NVIDIA / nccl-tests

NCCL Tests
BSD 3-Clause "New" or "Revised" License
809 stars 229 forks source link

what do algobw actually mean when I run test with more than one nodes?speed between nodes or speed between gpus. #160

Closed wenjunlong closed 1 year ago

sjeaugey commented 1 year ago

On 2 nodes, it depends which algorithm is used. If we use tree, the performance will be limited by a mix of NVLink and NIC bandwidth so it's not reflecting physical speeds.
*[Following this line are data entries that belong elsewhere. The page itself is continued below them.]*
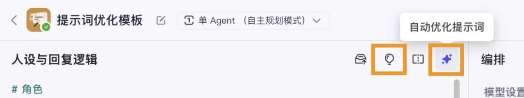 第二个橙色框里的小星型键,是AI自动编写优化提示词。按照我们先前设定的智能体名称和功能介绍,我们直接点击一下这个键,可以自动帮我们生成一个模板,对于新手,你可以根据这个自动生成的内容再去编辑优化。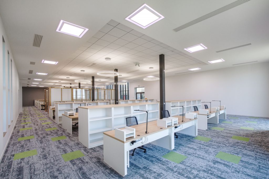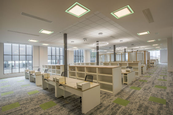 Under the mezzanine floor, in the workspace, Ixapack opted for RZB’s Pascala Round LED embedded downlights with a UGR of 17.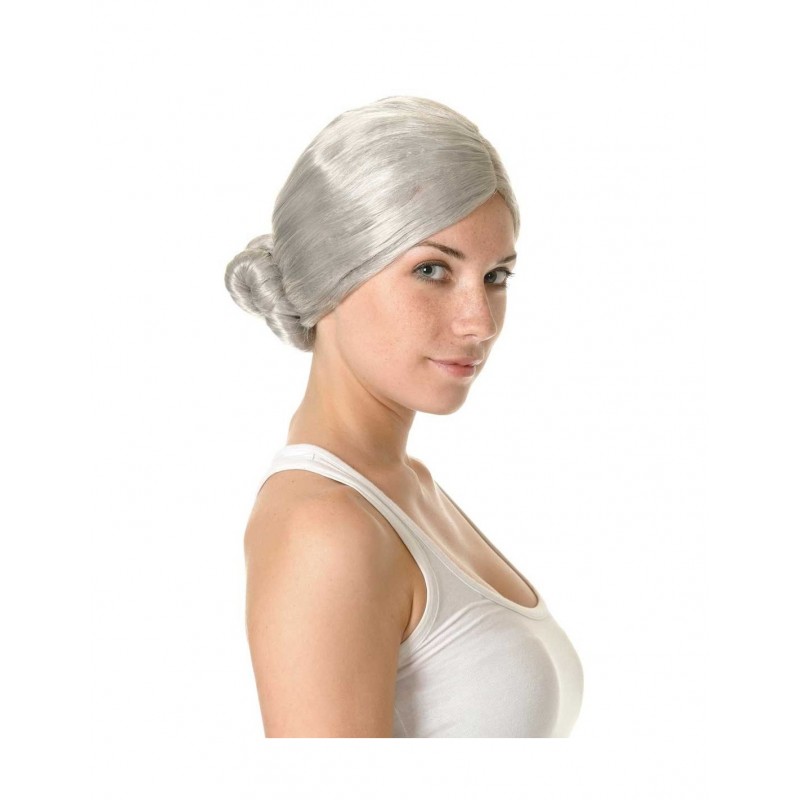 Peluca anciana,señora mayor,moño con raya en el centro y moño detras

If we use ring, the busbw is going to reflect exactly what's going through the NICs.

On 3+ nodes we should use rings for large enough sizes, so the 80 GB/s is probably reflecting the total NIC bandwidth, hence 20GB/s per NIC which is not 24 (what we see ourselves in general on perfect setups) but not too bad either. Also note, you need to use large enough sizes as to see the real peak bandwidth. You didn't share the NCCL perf tests output so I can't tell whether you've reached the peak or not. If you do, please run from 8 bytes to 8 GB (-b 8 -e 8G -f 2).

wenjunlong commented 1 year ago

thanks

sjeaugey commented 1 year ago

Ok, thanks. So indeed the peak BW is a bit lower than I'd expect. Maybe it would be worth checking with the networking support team that the NIC firmwares are upgraded to the latest and correctly tuned.

But before that, can you run with a single NIC (NCCL_IB_HCA=mlx5_0 then mlx5_1, etc ...) and see what performance you get with each NIC individually?